Chairman of the U.S. Consumer Product Safety Commission
- Acting
- Assumed office January 21, 2025
- President: Donald Trump
- Preceded by: Alexander Hoehn-Saric

Commissioner of the U.S. Consumer Product Safety Commission
- Incumbent
- Assumed office October 5, 2018
- President: Donald Trump Joe Biden Donald Trump
- Preceded by: Joseph Mohorovic

Personal details
- Born: May 22, 1982 (age 44) Cleveland, Ohio, U.S.
- Party: Republican
- Education: Colgate University (BA) American University (JD)

= Peter Feldman (attorney) =

American lawyer (born 1982)

Peter A. Feldman (born May 22, 1982) is an American lawyer and currently serves as the acting chairman of the U.S. Consumer Product Safety Commission. Feldman was nominated by President Donald Trump and confirmed by the U.S. Senate in 2018. Previously, he served as a senior counsel to the Commerce Committee in the U.S. Senate. Feldman is a Republican, and worked as a staffer for various Republican senators.

==Early life and education==
Feldman was born in Cleveland, Ohio, on May 22, 1982. Feldman attended St.

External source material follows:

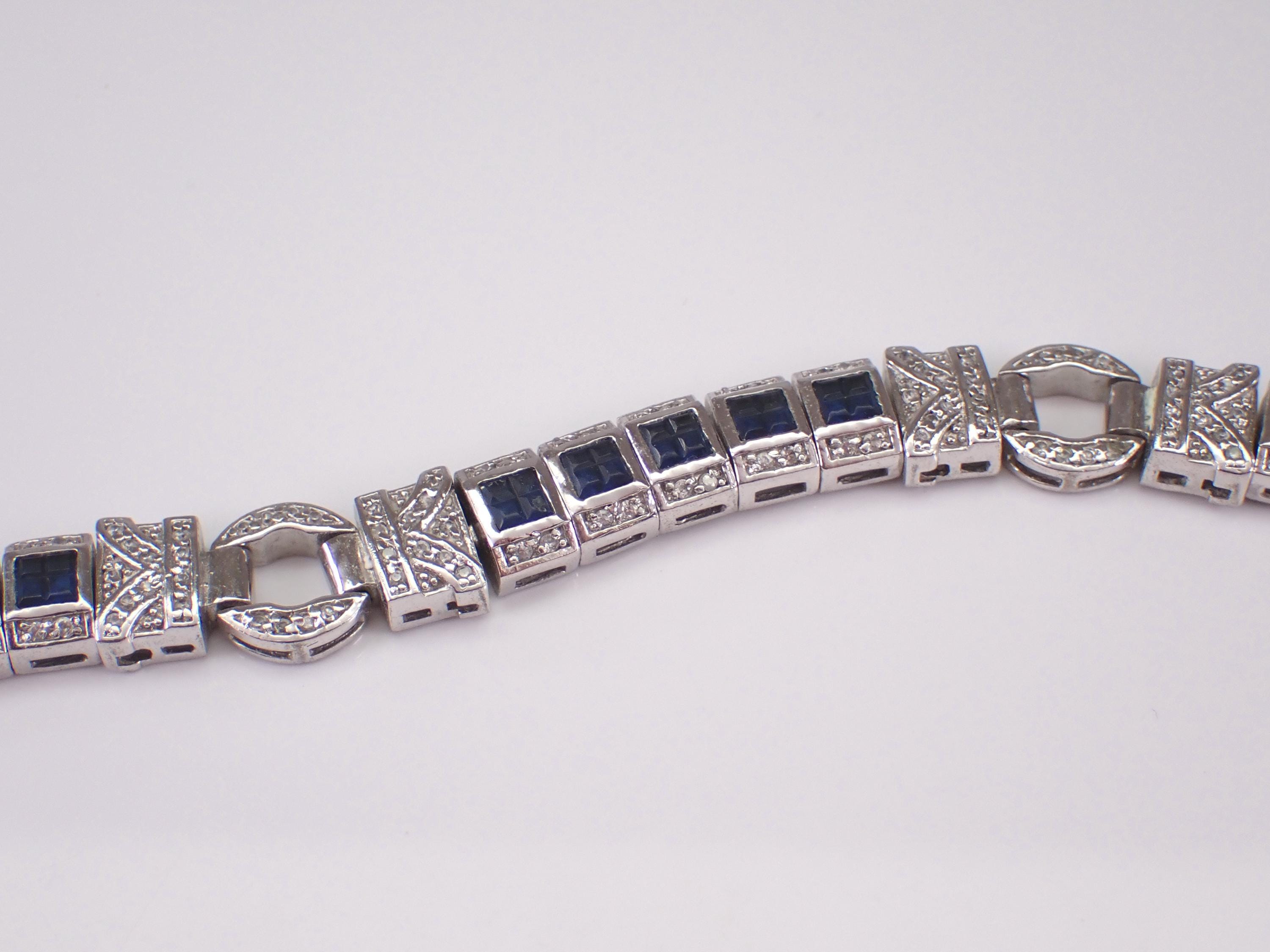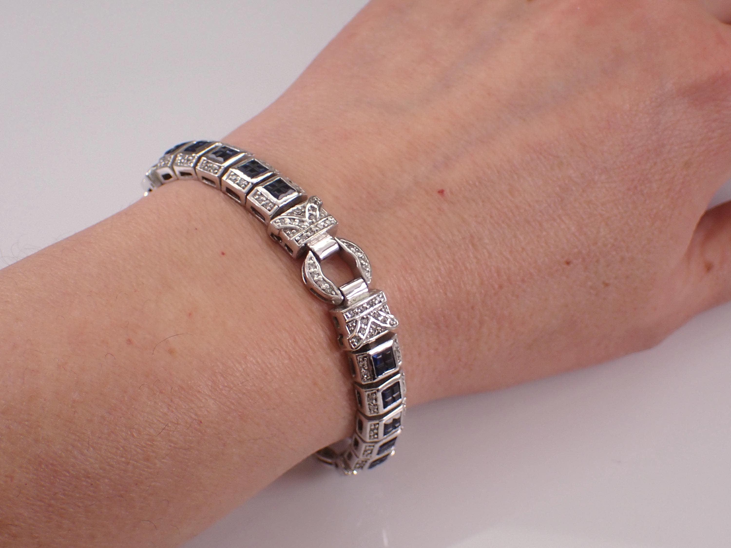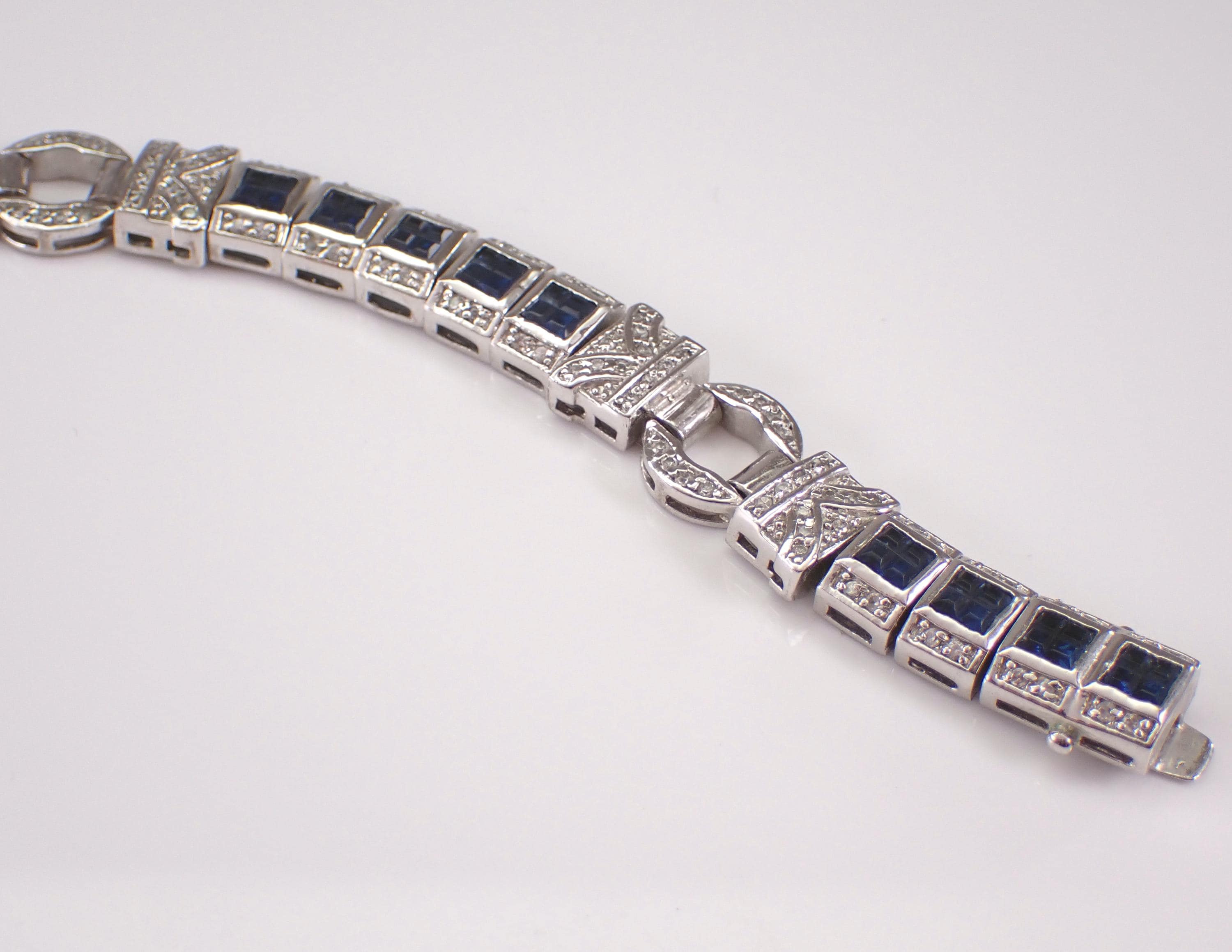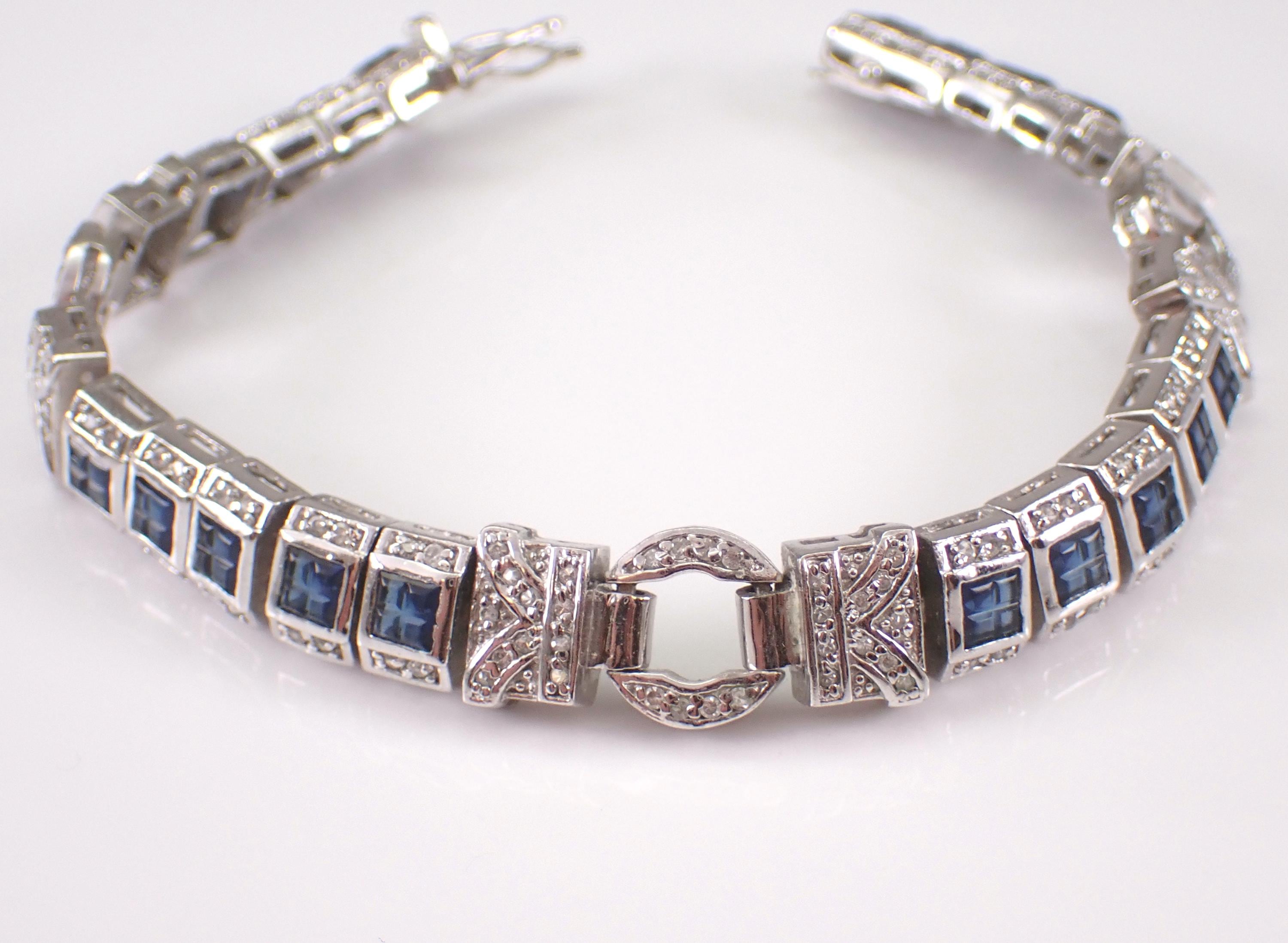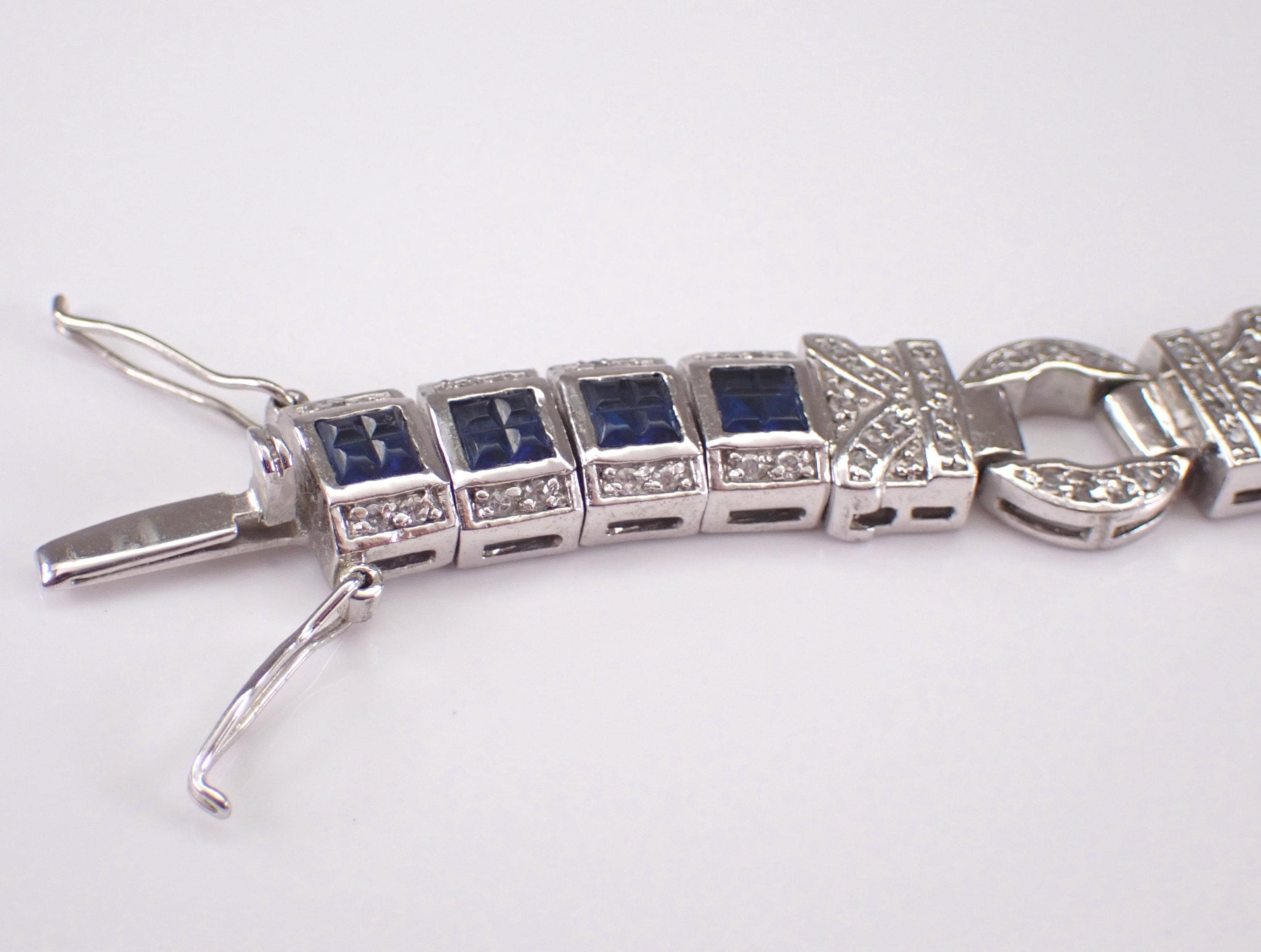 Vintage Sterling Silver Cubic Zirconia and Lab Grown Sapphire Art Deco Inspired Tennis Bracelet. The bracelet is set with fourteen round CZ's and princess cut Lab grown sapphires. This bracelet weighs 29.2 grams, measures 10mm in width and 7 1/4" in length. This bracelet is in good condition, perfect for everyday wear or any special occasion, like Mothers Day, Birthday, Anniversary, Graduation, etc. The Bracelet will be shipped promptly in a gift pouch.

Albans School in Washington, D.C. He then attended Colgate University, graduating with a B.A., cum laude, in 2004. Feldman received his juris doctor, cum laude, from American University’s Washington College of Law in 2010.

==Career==
Feldman served as a senior counsel to the United States Senate Committee on Commerce, Science, and Transportation from 2011 until he joined the CPSC in 2018. In that role, he served as a key advisor on consumer protection, product safety, data security, and privacy issues to Senator John Thune, chairman of the Senate Commerce Committee, and was instrumental in drafting and negotiating bipartisan legislation and conducting oversight and investigations of the CPSC, the Federal Trade Commission, and private sector firms. Among other things, Feldman has advocated for science and risk-based regulations, agency engagement with stakeholders, and regulatory burden reduction.

Feldman led the commerce committee's efforts on numerous bipartisan legislative initiatives, including the Consumer Review Fairness Act, the Better Online Ticket Sales Act, and the Child Nicotine Poisoning Prevention Act.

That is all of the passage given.